Our Graylog instance get not say high rate messages around 1000-2000 msg/s and journal growing till i get an alert in web interface that some uncommitted messages was deleted from journal and journal utilization is too high?
Can you advise which parameters should be tweaked for handle this load? Also is there a way to determine that Graylog under high load except that i found journal is growing without size decrease.
Also need to say that ES is from 3 nodes. 1 is only witness master and 2 others is data nodes. Before we have 1 node cluster. I am create master from AMI that 1 node as well as another node. And now is some indexes at relocation between 2 data nodes, is it can impact that Elastic search can’t handle messages as fast as we sending they.
But still think that it not cause because CPU loaded under 100, even 90% on one data node and under 50% on another.
Thank you.
Graylog Journal will raise if Elasticsearch is not able to handle the load or if the processing in Graylog took to much time so no real time processing is possible.
You should check your Logfiles of Graylog to find the reason for that.
2017-07-24T02:56:03.305-05:00 WARN [KafkaJournal] Journal utilization (96.0%) has gone over 95%.
2017-07-24T02:57:03.305-05:00 WARN [KafkaJournal] Journal utilization (96.0%) has gone over 95%.
2017-07-24T02:58:03.305-05:00 WARN [KafkaJournal] Journal utilization (97.0%) has gone over 95%.
2017-07-24T03:45:43.508-05:00 ERROR [ServerRuntime$Responder] An I/O error has occurred while writing a response message entity to the container output stream.
org.glassfish.jersey.server.internal.process.MappableException: java.io.IOException: Connection closed
at org.glassfish.jersey.server.internal.MappableExceptionWrapperInterceptor.aroundWriteTo(MappableExceptionWrapperInterceptor.java:92) ~[graylog.jar:?]
at org.glassfish.jersey.message.internal.WriterInterceptorExecutor.proceed(WriterInterceptorExecutor.java:162) ~[graylog.jar:?]
at org.glassfish.jersey.message.internal.MessageBodyFactory.writeTo(MessageBodyFactory.java:1130) ~[graylog.jar:?]
at org.glassfish.jersey.server.ServerRuntime$Responder.writeResponse(ServerRuntime.java:711) [graylog.jar:?]
at org.glassfish.jersey.server.ServerRuntime$Responder.processResponse(ServerRuntime.java:444) [graylog.jar:?]
at org.glassfish.jersey.server.ServerRuntime$Responder.process(ServerRuntime.java:434) [graylog.jar:?]
at org.glassfish.jersey.server.ServerRuntime$2.run(ServerRuntime.java:329) [graylog.jar:?]
at org.glassfish.jersey.internal.Errors$1.call(Errors.java:271) [graylog.jar:?]

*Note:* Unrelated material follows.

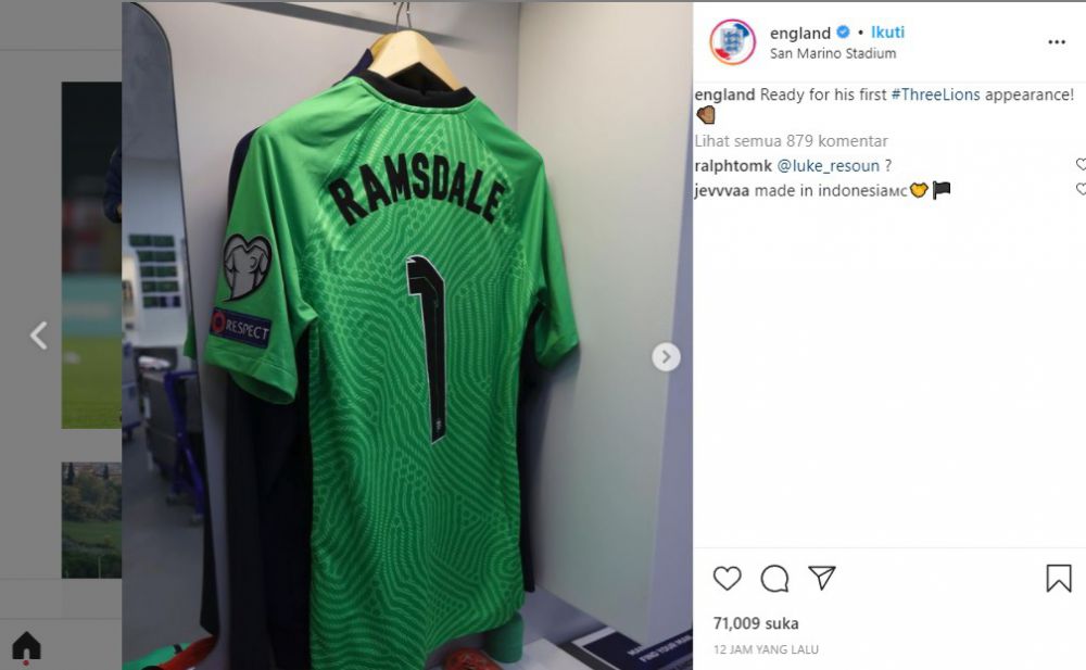 Dalam unggahan tersebut, kerah jersey milik kiper Aaron Ramslade yang diproduksi Nike bertuliskan “Made in Indonesia. Fabrique en Indonesia”. Postingan tersebut juga ditulis deskripsi singkat “A ThreeLions debut for @AaronRamsdale98!”.

at org.glassfish.jersey.internal.Errors$1.call(Errors.java:267) [graylog.jar:?]
at org.glassfish.jersey.internal.Errors.process(Errors.java:315) [graylog.jar:?]
at org.glassfish.jersey.internal.Errors.process(Errors.java:297) [graylog.jar:?]
at org.glassfish.jersey.internal.Errors.process(Errors.java:267) [graylog.jar:?]
at org.glassfish.jersey.process.internal.RequestScope.runInScope(RequestScope.java:317) [graylog.jar:?]
at org.glassfish.jersey.server.ServerRuntime.process(ServerRuntime.java:305) [graylog.jar:?]
at org.glassfish.jersey.server.ApplicationHandler.handle(ApplicationHandler.java:1154) [graylog.jar:?]
at org.glassfish.jersey.grizzly2.httpserver.GrizzlyHttpContainer.service(GrizzlyHttpContainer.java:384) [graylog.jar:?]
at org.glassfish.grizzly.http.server.HttpHandler$1.run(HttpHandler.java:224) [graylog.jar:?]
at com.codahale.metrics.InstrumentedExecutorService$InstrumentedRunnable.run(InstrumentedExecutorService.java:176) [graylog.jar:?]
at java.util.concurrent.ThreadPoolExecutor.runWorker(ThreadPoolExecutor.java:1142) [?:1.8.0_131]
at java.util.concurrent.ThreadPoolExecutor$Worker.run(ThreadPoolExecutor.java:617) [?:1.8.0_131]
at java.lang.Thread.run(Thread.java:748) [?:1.8.0_131]
Caused by: java.io.IOException: Connection closed
This in logs Graylog. What container output stream actually mean? I see logs monitoring for I/O system fro Graylog node and it not under load, but Elasticsearch node does. Is this mean that ES node no have enough I/O throughput?
I didn’t find in Graylog documentation where this values explained. Also dont find how actually Graylog write messages into Elasticearch, even in Graylog deep dive slideshow. My guess path is Graylog -> journal -> es nodes? Am i right?
The another problem raised. When i have logged in into web interface all work is fine and so fast enough. But when i try to login from private session web browser or another user try to login web interface page loading too long time, 1 or 2 minutes.
Do you have an idea why it is that?
At time error i see an error in graylog log:
An I/O error has occurred while writing a response message entity to the container output stream.
We are facing the same issue in our company. When the Journal is growing and growing, our current solution for that is brute force. We add more cores and more RAM to the GL nodes, and then we change the following parameters to match the available CPU cores in the server. This workaround has worked for us.
processbuffer_processors = N cores
outputbuffer_processors = N cores